As₂O₃ alone exposure resulted in enhanced anxiety levels, reduced locomotion and impaired learning and memory. As₂O₃-induced behavioural deficits were accompanied by downregulation of estrogen receptor (ERα) expression with a concomitant reduction of BDNF and NMDAR 2B levels in the hippocampus. However, the behavioural alterations and expression of these markers were restored in RES-supplemented mice.

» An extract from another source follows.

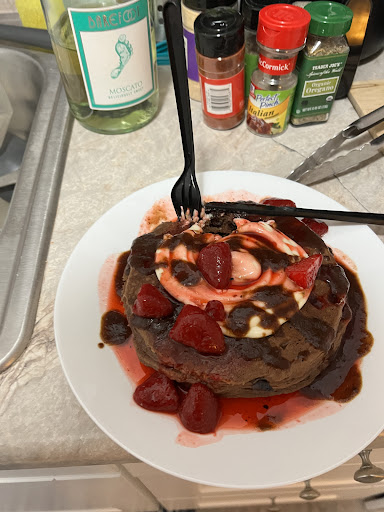 I decided to treat my girlfriend to her favorite place after a long day. She was very excited to get the new pancake of the month (chocolate covered strawberry) I went inside to pick up our take out order and was excited to present my girlfriend with the meal she’d been anxiously awaiting. It was not until we arrived home that we realized an atrocity occurred. I moved her pancake onto a plate and poured the strawberries on for her. They looked and smelled delicious! I then poured the chocolate on top. Not even a minute later, I discovered a strange odor coming from the plate. It smelled extremely sour, but seeing as though it wasn’t my food and I hadn’t had it before, I decided maybe it was normal? Upon smelling it closer, it grew to be more bitter, it smelled as though I had just opened a fresh jar of green olives. I excitedly delivered my girlfriend her breakfast for dinner despite the odd odor filling my studio apartment. It was 30 seconds later that I turned to her in tears. They had mistaken chocolate sauce for bbq sauce. My girlfriend, so excited for her wonderful chocolate strawberry pancakes, took a large bite of strawberry-bbq sauce cakes. We had to throw out everything, and I had to share my panera mac n cheese with her instead. I have provided a photo of the pancake, if you look closely, the “chocolate” sauce just doesn’t look right. Why would it be chunky you ask? I don’t know, maybe because it’s bbq sauce. My apartment still smells sour. Do...

Moreover, a dose-dependent iAs accumulation was observed in serum and brain tissues of mice receiving As₂O₃ alone whereas simultaneous administration of As₂O₃ with RES facilitated iAs efflux.

Conclusions

These results suggest that reduced ERα expression with associated downregulation of BDNF and NMDAR 2B levels could be a mechanism by which iAs induces cognitive impairment; hence, the modulation of estrogen-NMDAR-BDNF pathway by RES represents a potential avenue to recover behavioural deficits induced by this neurotoxin.

Graphical abstract

中文翻译：

白藜芦醇通过调节雌性小鼠海马中的雌激素-NMDAR-BDNF 信号通路减轻砷诱导的认知缺陷

背景

慢性无机砷 ( iAs ) 暴露会对 CNS 产生有害影响，包括氧化应激、认知缺陷和脑神经化学改变。关于iAs与大脑区域中雌激素受体表达之间的关联知之甚少。

目的和目标

由于白藜芦醇 (RES) 的神经保护和雌激素活性，我们检查了三氧化二砷 (As ₂ O ₃ ) 和 RES 对小鼠海马神经行为功能、雌激素信号传导和相关神经化学变化的综合影响。

材料和方法

将₂ O ₃单独（2 和 4 毫克/千克体重）或与 RES（40 毫克/千克体重）一起口服给药至成年雌性小鼠 45 天。从第 33 天到第 45 天，进行旷场、高架十字迷宫和莫里斯水迷宫测试以评估运动、焦虑和学习记忆。在第46天，对动物实施安乐死，并分别处理从中获得的脑组织和海马用于原子吸收分光光度法和蛋白质印迹法。

结果

由于₂ O ₃单独暴露导致焦虑水平增强、运动减少以及学习和记忆受损。As ₂ O ₃诱导的行为缺陷伴随着雌激素受体(ERα)表达的下调，伴随着海马中BDNF和NMDAR 2B水平的降低。然而，这些标志物的行为改变和表达在补充 RES 的小鼠中得到了恢复。此外，在单独接受 As ₂ O ₃的小鼠的血清和脑组织中观察到剂量依赖性iAs积累，而同时施用 As ₂ O ₃和 RES 促进了iAs 流出。